Costs 1 query per page beyond the first page. Users attempting to query beyond
the first page must have the power-ups.shodan.spend permission. Each page
contains 100 results.
This command will also create an it:exec:query node to represent the
query syntax and link resulting inet:flow nodes to it via -(found)> edges.
Endpoints:
/shodan/host/search : Search Shodan using the same query syntax as the website and use facets to get summary
information for different properties.
Usage: shodan.search [options] <query>
Options:
--help : Display the command usage.
--size <size> : Limit the number of results ingested to the given size. (default: 100)
--debug : Show verbose debug output.
--yield : Yield the newly created inet:flow nodes.
--no-tags : Add nodes but do not record tags returned by the Shodan API.
Arguments:
<query> : A query string in Shodan search syntax.
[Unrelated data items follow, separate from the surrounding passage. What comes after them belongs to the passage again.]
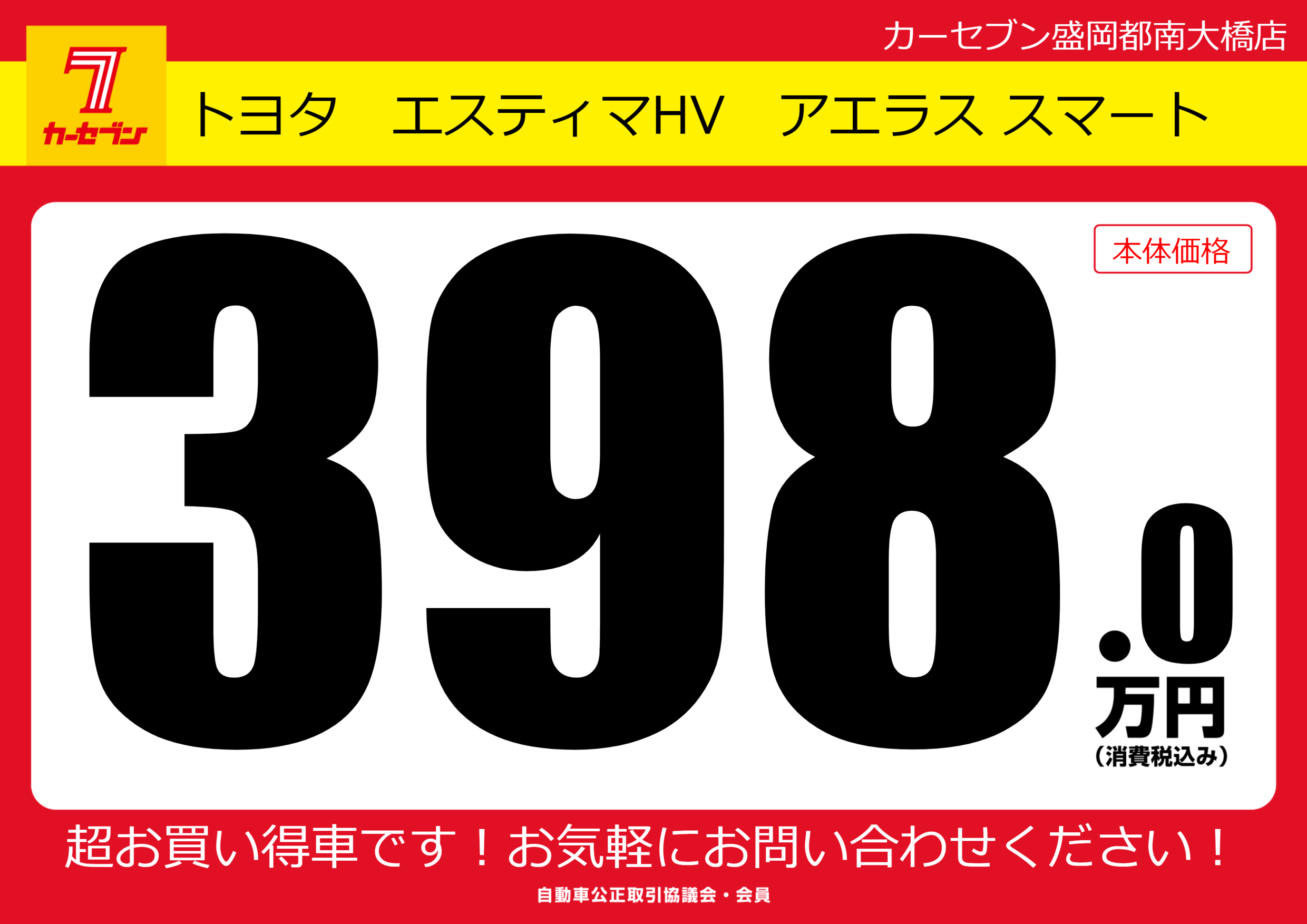 | 車名 | トヨタ エスティマHV アエラス スマート | グレード ミッション 排気量 |
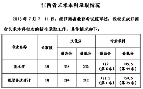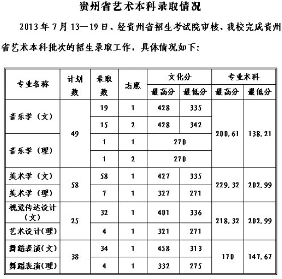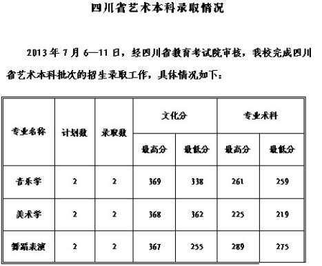 毕节学院2013年艺术类在四川,江西,江苏箸省的录取分数线
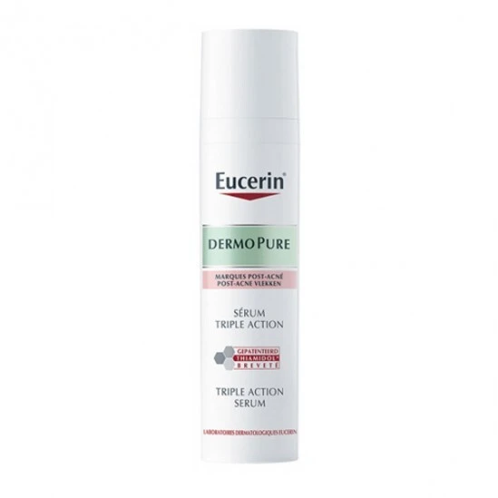 Le Sérum Triple Action DermoPure est cliniquement testé. Sa formule à base de Thiamidol breveté* réduit les marques post-acné, les imperfections et contrôle la brillance. Premiers résultats visibles dès 2 semaines.
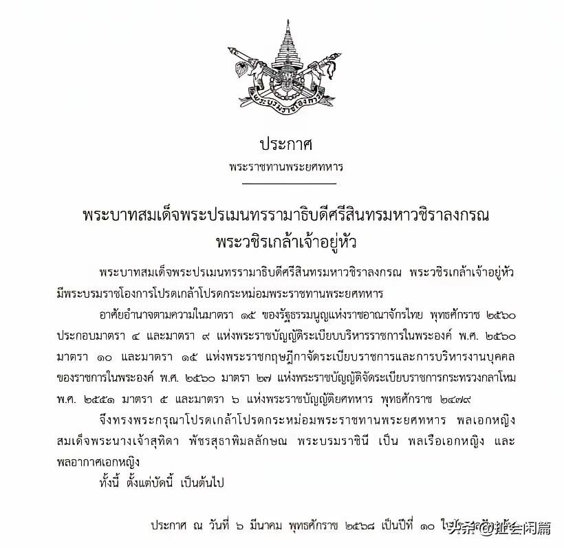 苏提达已经是目前泰国唯一拥有陆、海、空三军上将军衔的女性。 在泰国,王室成员拥有军衔是惯例。国王是国家元首兼三军最高统帅,授予王后军衔,象征着王室对军队的绝对领导,也强化了军队对王室的忠诚。 苏提达并非“空降”。她早在2010年就进入皇家卫队,从少校一路晋升,拥有超过15年的军龄,军衔是苏提达在王室权力结构中的“护身符”。拥有三军上将军衔,意味着她在王室面临特殊时期时,能凭借军衔地位镇抚军方、稳定局势。 诗丽吉王太后,就是苏提达的婆婆,也曾拥有三军军衔。 帕差拉吉帝雅帕公主,思蕊梵纳瓦瑞公主,都拥有陆军上将军衔。
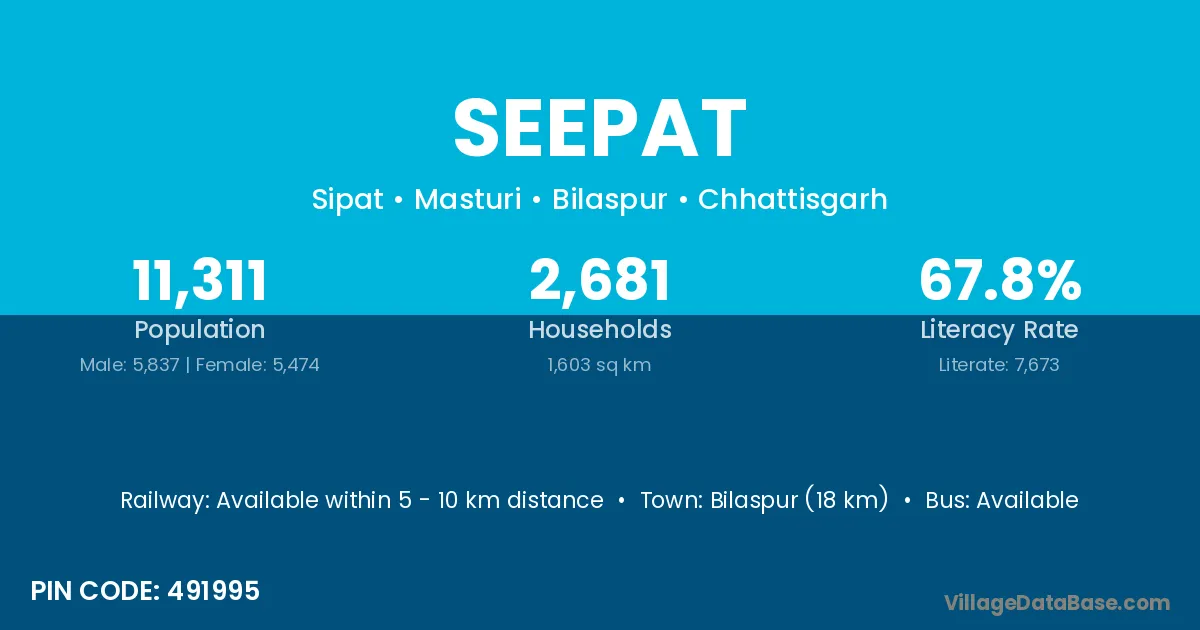 Bilaspur (18 km) is the nearest town to Seepat village for major economic activities and is located approximately 18 km away.
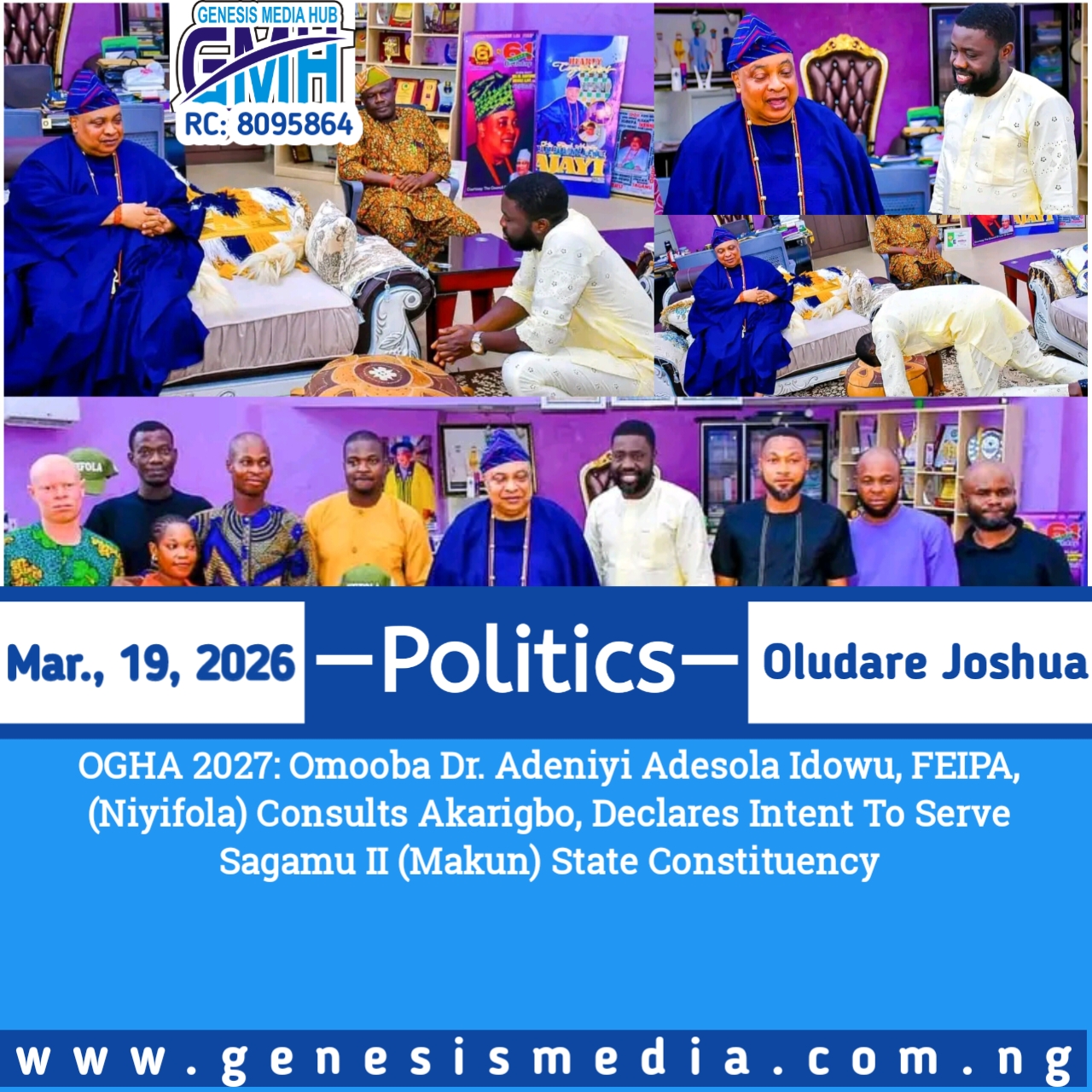 ‎OGHA 2027: Omooba Dr. Adeniyi Adesola Idowu, FEIPA, (Niyifola) Consults Akarigbo, Declares Intent To Serve Sagamu II (Makun) State Constituency
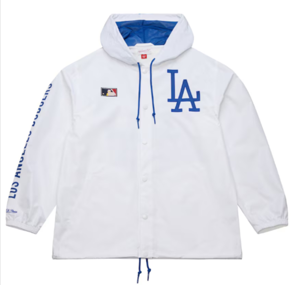 Los Angeles Dodgers Mens Mitchell & Ness Vintage Full-Snap Coaches Hooded Jacket White
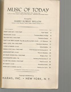 Music of Today Choral Adaptations by Harry Robert Wilson published by Harms Vintage pre-owned book in fairly good condition with old tape 64 pages unmarked book size approximately 7x10
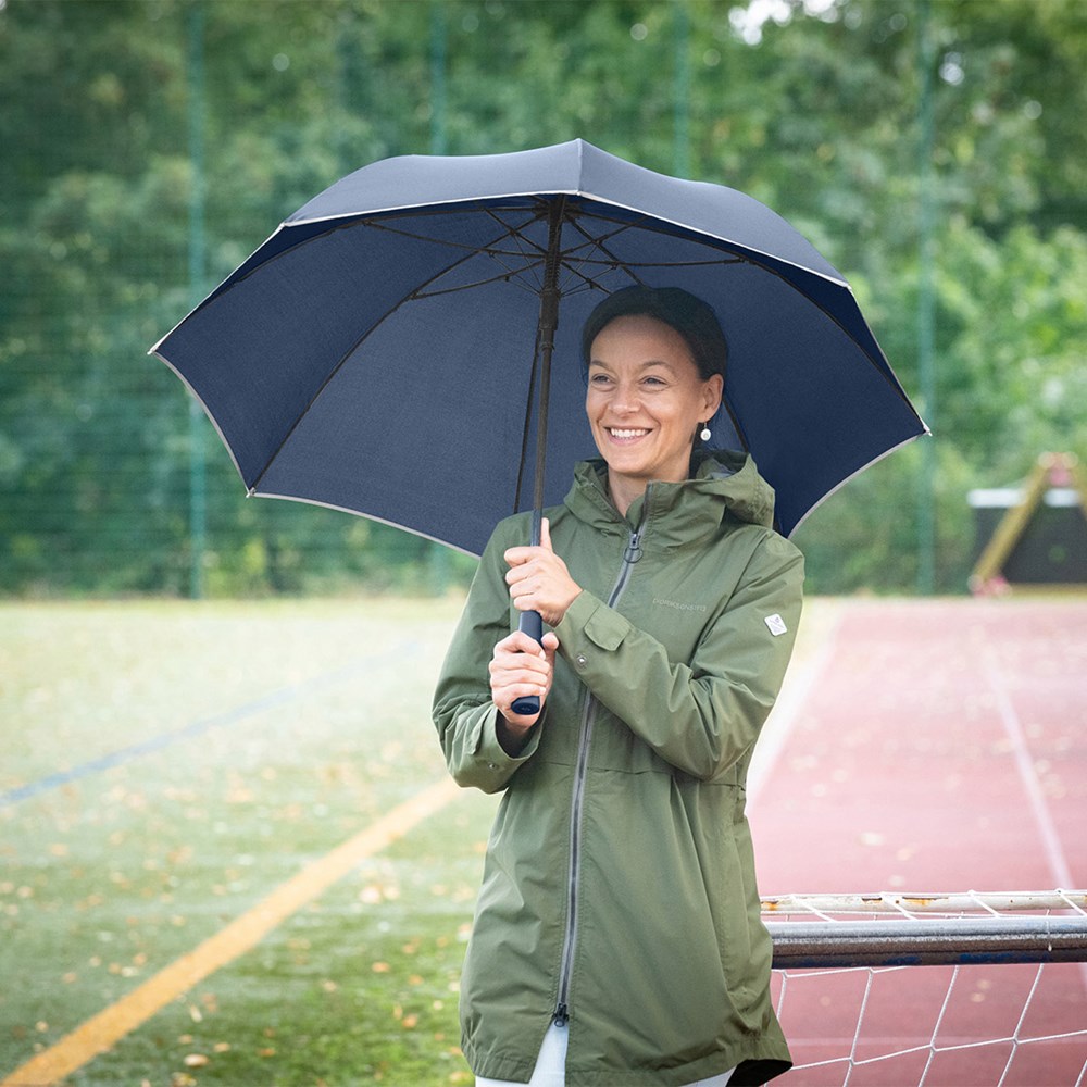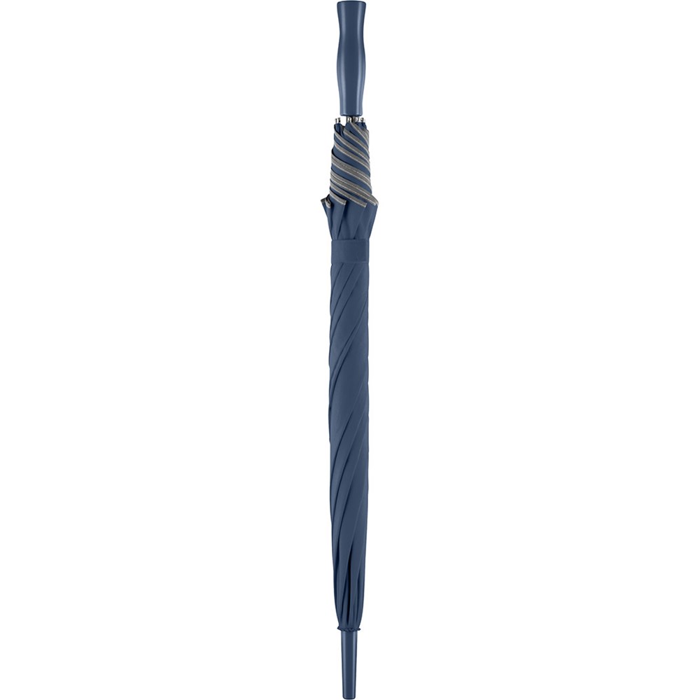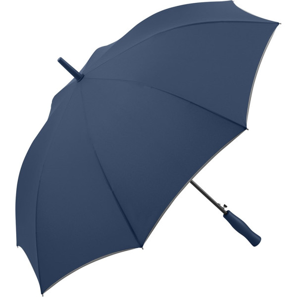 Markanter Automatik-Stockschirm mit modisch reflektierender Paspelierung Komfortable Automatik-Funktion zum schnellen Öffnen, hochwertiges Windproof-PLUS-System für eine maximale Gestell-Flexibilität bei stärkeren Windböen, stabiler Fiberglasstock, flexible Fiberglasschienen, Bezug mit modischer Reflexpaspel in Silber, handsympatischer Soft-Touch-Griff mit Werbeanbringungsmöglichkeit, Soft-Touch-Top
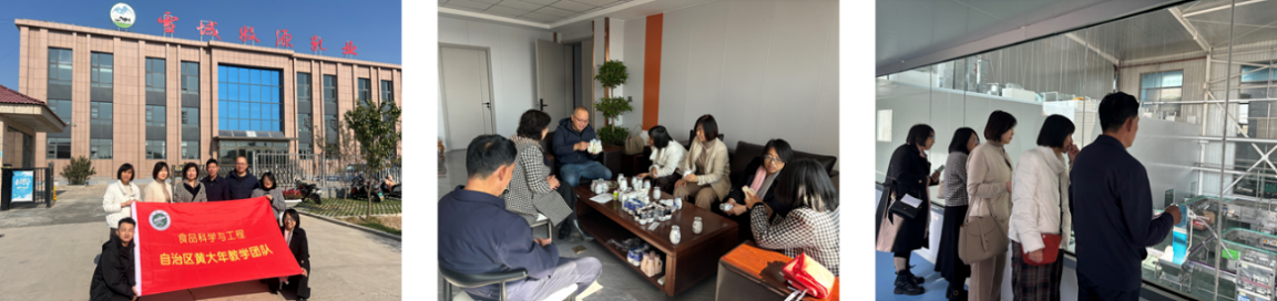 11月5日,食品科学与工程学院传统发酵先进制造团队在张惠玲教授的带领下,走访了宁夏雪泉乳业有限公司、宁夏雪域牧源乳制品有限公司、宁夏杞润元食品有限公司及宁夏上方生物科技有限公司,团队重点围绕吴忠市食品加工企业存在的问题与技术需求,以及今后的产学研合作方向开展调研。

The command is accessible to users with one or more of the following permissions:
power-ups.shodan.user
shodan.setup.apikey
Manage the Shodan API key.
Examples
// Set a global Shodan API key
shodan.setup.apikey abcd1234
// Set a Shodan API key for the current user
shodan.setup.apikey --self abcd1234
// Display the API key scope of the current key
shodan.setup.apikey --show-scope
// Display the current API key.
shodan.setup.apikey --show-apikey
// Remove the current global API key.
shodan.setup.apikey --remove
// Remove the per-user API key for the current user.
shodan.setup.apikey --self --remove
Usage: shodan.setup.apikey [options] <apikey>
Options:
--help : Display the command usage.
--self : Set or remove the key as a user variable. If not used, the key is set globally.
--show-scope : Display the API key scope in use (global vs self).
--show-apikey : Display the API key value (requires admin perms or a "self" scope key.
--remove : Remove the configured API key. May be used with --self.
Arguments:
[apikey] : The Shodan API key string.
The command is accessible to users with one or more of the following permissions:
power-ups.shodan.user
shodan.setup.tagprefix
Set the tag prefix used when recording shodan tags.
The default tag prefix is "rep.shodan" if not specified.
Any tags provided by a shodan API will be added within the given namespace.
For example, the shodan tag "foo" would result in "#rep.shodan.foo". Any
characters incompatible with tag names are replaced with "_".
Usage: shodan.setup.tagprefix [options] <tagname>
Options:
--help : Display the command usage.
Arguments:
<tagname> : The tag prefix to use.
The command is accessible to users with one or more of the following permissions:
power-ups.shodan.user
Storm Modules
This package does not export any Storm APIs.